▸ Prompt:
Give again, exactly as written, the lines of the records below from the line with "Verwendung: Die Sandsteine" to the line with "3年前のグラウンドゴルフ大会の様子". Both end lines count; pictures do not.

*** Available data Section Begins ***

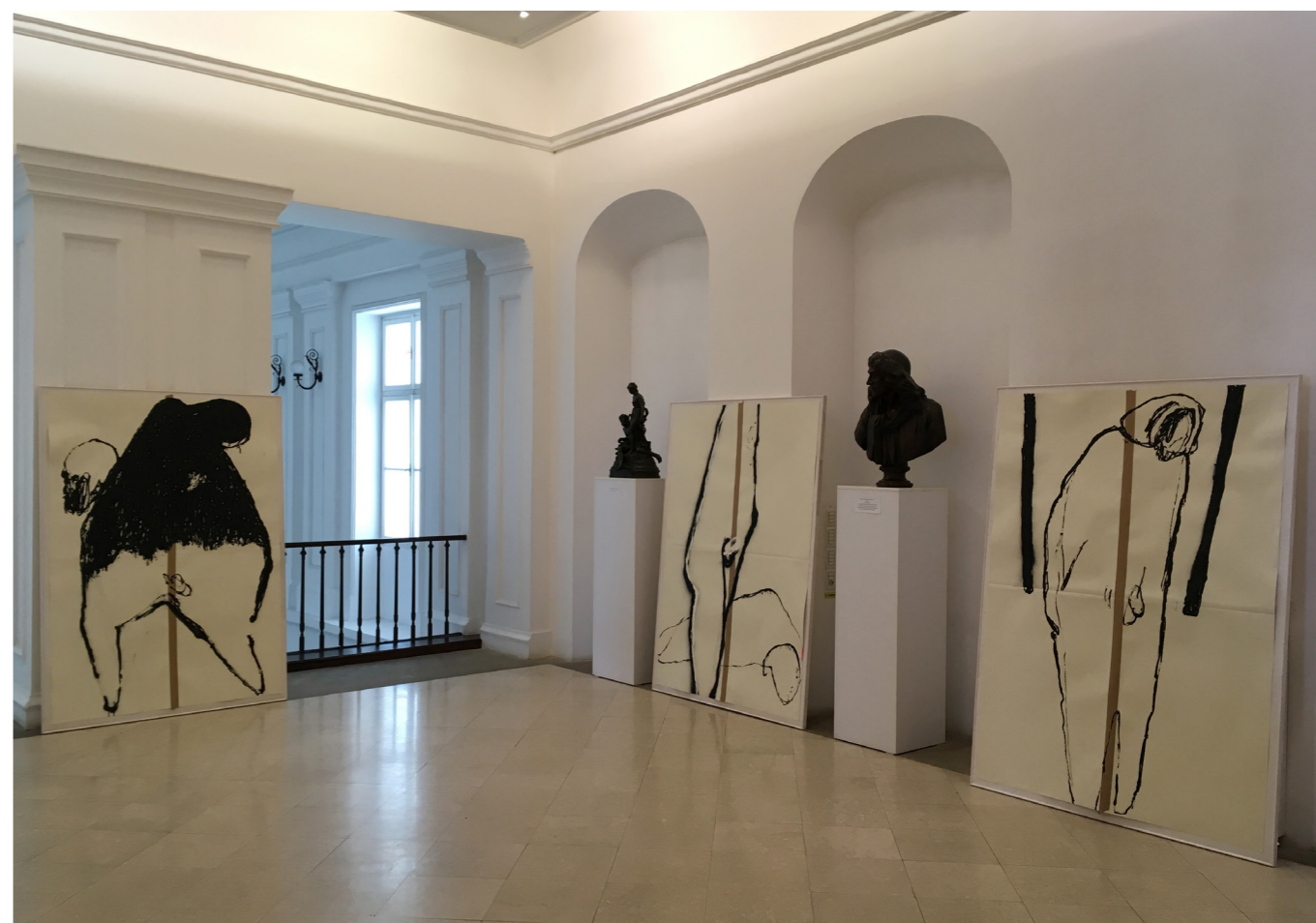
TEMESVARI MÚZEUM 2018. március 22.
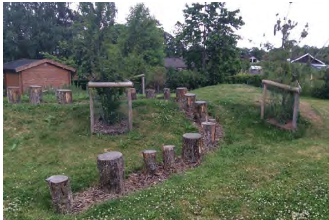
Figur F. Hinderbana vid Billinge lekplats, ett exempel på hur lekutrustning integreras i landskapet genom att utnyttja topografin (22).
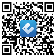
EWPE Smart letöltő QR kód

Szkennelje be a QR kódot, vagy töltsse le az "EWPE Smart" applikációt az áruházból, és telepítse fel az okostelefonjára. Miután telepítette az alkalmazást, hozzon létre egy új fiókot, és párosítsa az otthoni okos berendezést az alkalmazással, ezután internet elérés mellett távolról is irányíthatja okos eszközét a mobiltelefon segítségével. Bővebb információkért kattintson a "Segítség" gombra az alkalmazáson belül, vagy keresse fel a www.syen.hu oldalt.
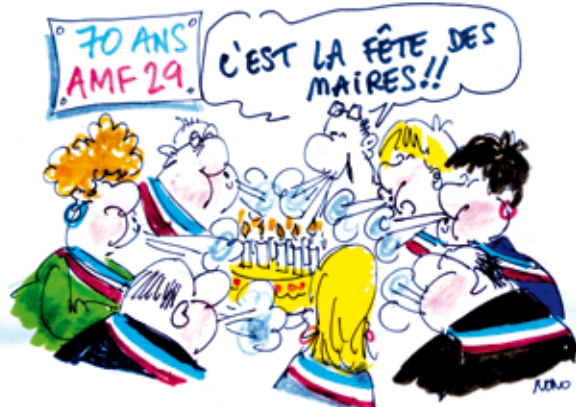
Sur les 2 jours, dessins sur le vif du dessinateur Nono

Pour découvrir tout cela et souffler ensemble les bougies aux côtés de personnalités nationales, vous êtes conviés à la clôture musicale et théâtrale marquant cet anniversaire, le vendredi 7 octobre à 17h, en grand théâtre du Quartz-Congrès !
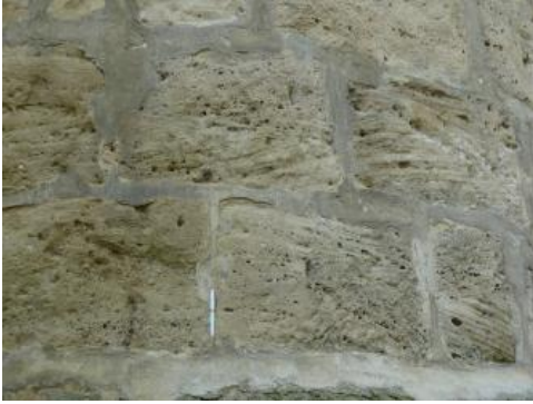
Typischer Blasensandstein im Blockmauerwerk des Turms der Tannenburg bei Bühlertann

Verwendung: Die Sandsteine der Kieselsandstein-Formation wurden früher bei genügender Zementation als anspruchsloser Baustein oder als Schotter und Vorlagestein genutzt. Zur Werksteingewinnung sind vor allem die kieselig gebundenen Sandsteine geeignet. Aufgrund der stark schwankenden Mächtigkeitsverhältnisse (s. o.) sind werksteinfähige Horizonte innerhalb der Kieselsandstein-Formation recht selten (Bräuhäuser, 1912). Bei fortgeschrittener Entfestigung wurden die Mürbsandsteine zu Sand aufbereitet (Quenstedt, 1869a, 1880a). In der Karte sind die in der Rohstoffgewinnungsstellendatenbank des LGRB erfassten 70 früheren Abbaustellen im Kieselsandstein, unterschieden nach Sand- und Natur(werk)steingewinnung, dargestellt. Danach liegen die meisten Werksteinbrüche im Gebiet zwischen Backnang und Schwäbisch Hall, also im Bereich der ehemaligen Schwemmebene. Quenstedt weist für
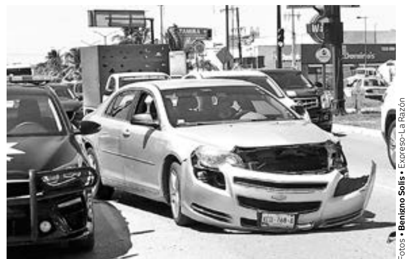
LA CONDUCTORA se asustó del fuerte impacto.

Las unidades involucradas son un Chevrolet Malibu color gris y una camioneta Ford con caja propiedad de la empresa MN.
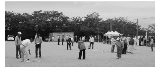
3年前のグラウンドゴルフ大会の様子

公民館活動部会は、「地域の親睦・融和の更なる前進を目指した公民館活動」を目標とし、いろいろな事業を計画しています。スタートは、5月22日に三年ぶりに開催される南郷地区公民館対抗親善交流グラウンドゴルフ大会を行い、初めての試みとして12月4日に、南郷地区囲碁大会を東郷地区と合同で開催することとしました。これも楽しみです。 令和3年度に、自由活動への挑戦としてパラリンピックで話題になった「ポッチャ大会」を計画しましたが、コロナ禍で中止となりました。今年こそ新事業に挑戦していきます。 各事業の開催内容につきましては、コミュニティだより「もやい」にて募集しますので、みなさん参加してください。
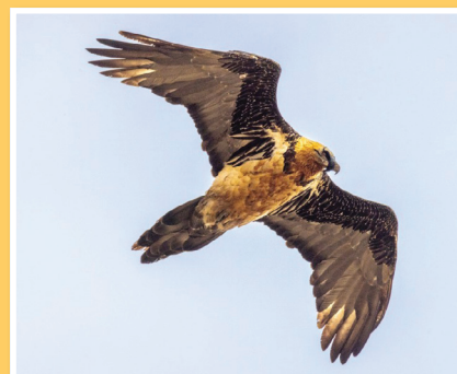
Un voisin en visite à Valloire
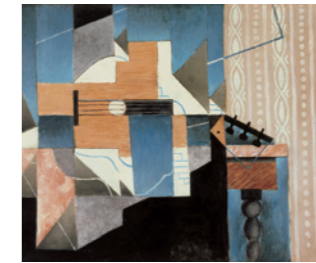
Juan Gris La guitare sur la table, 1913

Perhaps unexpectedly—and this is something that has often been overlooked until now— Juan Gris and Cubism were instrumental in the transformation of Latin American modern art. Indeed, from a variety of perspectives and approaches, both the exhibition and the collection highlight the implicit or explicit connections between Juan Gris and Emilio Pettoruti, Xul Solar, Rafael Barradas, Joaquín Torres-García and Vicente do Rego Monteiro. They subsequently expand their
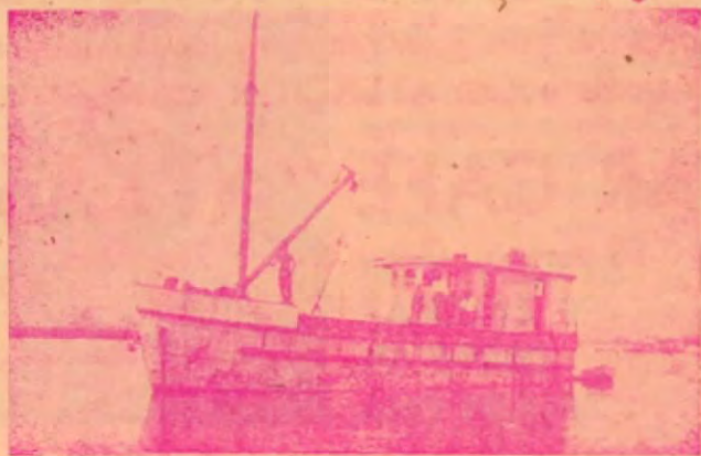
Lancha LA GAVIOTA
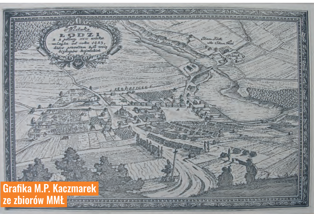
Grafika M.P. Kaczmarek ze zbiorów MMŁ
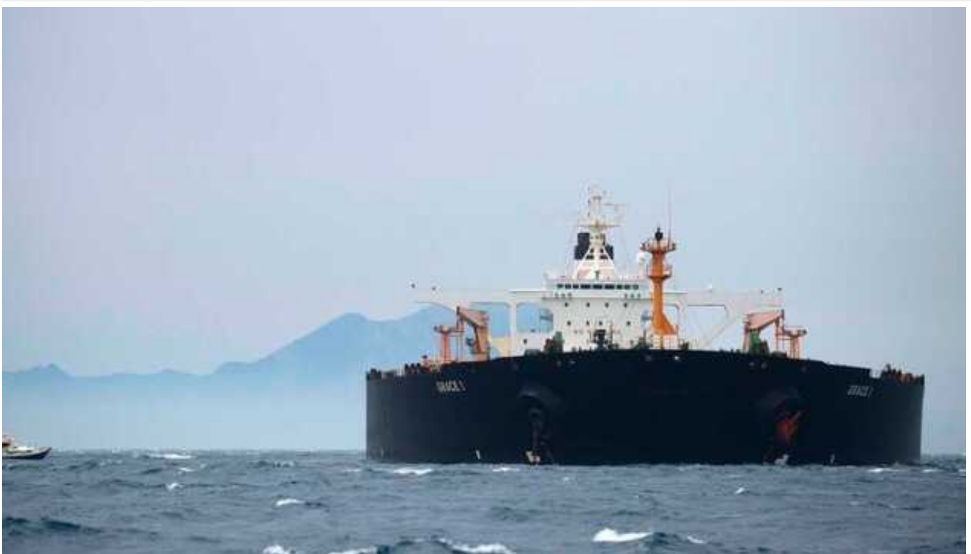
ОАЕ заборонили вхід у свої води танкерам з Камеруну: можуть перевозити російську нафту

Міністерство енергетики та інфраструктури Об'єднаних Арабських Еміратів заборонило вхід в свої води суднам під прапором Камеруну. Таке рішення, в першу чергу, націлене на судна, які використовуються для транспортування нафти, що потрапила під санкції.

*** Available data Section Ends ***

▸ Answer to this task:
Verwendung: Die Sandsteine der Kieselsandstein-Formation wurden früher bei genügender Zementation als anspruchsloser Baustein oder als Schotter und Vorlagestein genutzt. Zur Werksteingewinnung sind vor allem die kieselig gebundenen Sandsteine geeignet. Aufgrund der stark schwankenden Mächtigkeitsverhältnisse (s. o.) sind werksteinfähige Horizonte innerhalb der Kieselsandstein-Formation recht selten (Bräuhäuser, 1912). Bei fortgeschrittener Entfestigung wurden die Mürbsandsteine zu Sand aufbereitet (Quenstedt, 1869a, 1880a). In der Karte sind die in der Rohstoffgewinnungsstellendatenbank des LGRB erfassten 70 früheren Abbaustellen im Kieselsandstein, unterschieden nach Sand- und Natur(werk)steingewinnung, dargestellt. Danach liegen die meisten Werksteinbrüche im Gebiet zwischen Backnang und Schwäbisch Hall, also im Bereich der ehemaligen Schwemmebene. Quenstedt weist für
LA CONDUCTORA se asustó del fuerte impacto.

Las unidades involucradas son un Chevrolet Malibu color gris y una camioneta Ford con caja propiedad de la empresa MN.
3年前のグラウンドゴルフ大会の様子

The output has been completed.